Despite seemingly low numbers, Pakistan’s HIV epidemic is a ticking time bomb. HIV prevalence among people who inject drugs is reported to be 48.7% in Karachi and 16.2% in Larkana — documented as one of the highest in the country. It was hoped that HIV/AIDS prevention services would become available for high risk groups in these cities as it can make a tremendous difference in epidemic control at this stage. About 18.3% transgender sex workers in Larkana and 12.9% in Karachi were infected with HIV. These transgender sex workers entertain an average of two clients per day and condom use in their last sexual act was terribly low and reported at an abysmal 27.7%.

How HIV can be contained at this stage with this level of apathy is a difficult question to answer. But it is imperative that this is done to achieve maximum impact of the HIV programme. We have to target the high-prevalence districts and communities and focus on “hot spots”. Hot spots are locations where high-risk groups of people congregate and indulge in unsafe sexual or drug injecting practices. The needs of such high-risk individuals must also be kept in mind while developing an intervention. The very first step in HIV prevention is testing. HIV testing services can change the nature of the epidemic. WHO guidelines on HIV testing services recommend a differentiated approach focusing on improving facility and community-based HIV testing services. HIV self-testing has been recommended since 2016 as an effective approach to deliver and support HIV testing. But to do this effectively, communities need to be mobilised to become involved in developing and adopting HIV self-testing models. For Pakistan, the transgender community serves as a low-hanging fruit to start HIV self-testing. HIV partners services is also recommended by WHO as part of a package for testing and care. In provider-assisted referral, a trained provider directly assists people who are HIV-positive and with their consent contacts their partners and offers them HIV testing.

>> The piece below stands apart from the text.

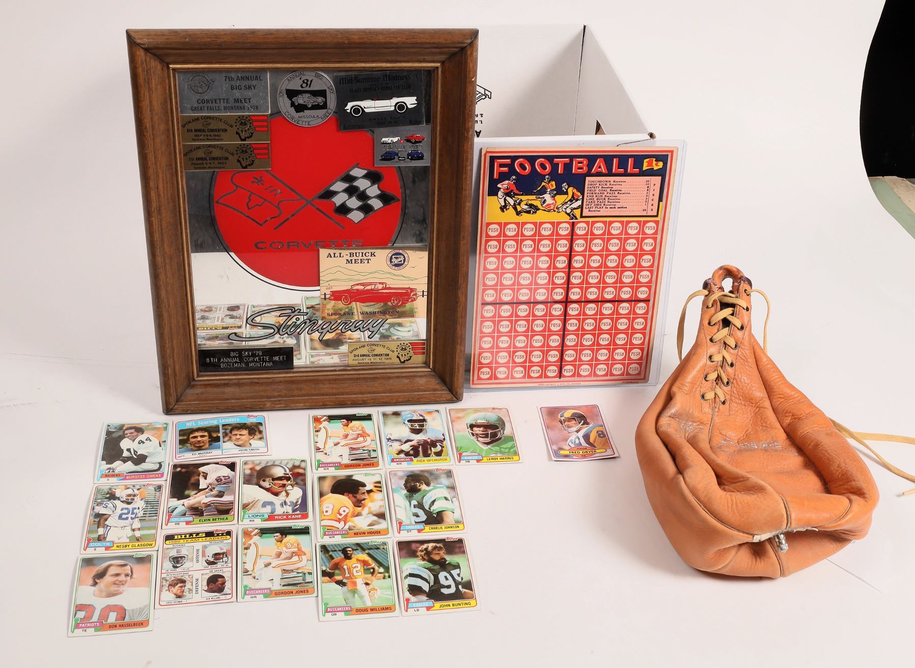 Northwest Annual Corvette Meeting momentos, framed mirror glass (12 x 15 inches), with eight meetings 1979-1990 around the Northwest: Spokane, Bozeman, Missoula, Great Falls, Kalispell. Football punch card by Acme Novelty of Chicago, unused. Football cards from around 1980 (about a dozen). Genuine leather Everlast punching bag (18 inches long).

These are not all, but some of the global recommendations that the country needs to adopt immediately and institute HIV prevention services on ground. Some of the key elements of any HIV prevention programme are the provision of condoms, lubricants, HIV education, syringes and needles and HIV testing through outreach workers. Besides the field force of outreach workers there have to be static centres which are in localities where the high-risk population is in significant numbers.

Pakistan is plagued with a long list of public health problems and even though HIV/AIDS had seemed further down the list not too long ago, it has crept up to the extent of becoming a national catastrophe. As we saw in Ratodero, HIV/AIDS torments families affecting their most vulnerable. Ratodero and the country beckon and await a compassionate, timely and decisive response.

Published in The Express Tribune, December 1st, 2019.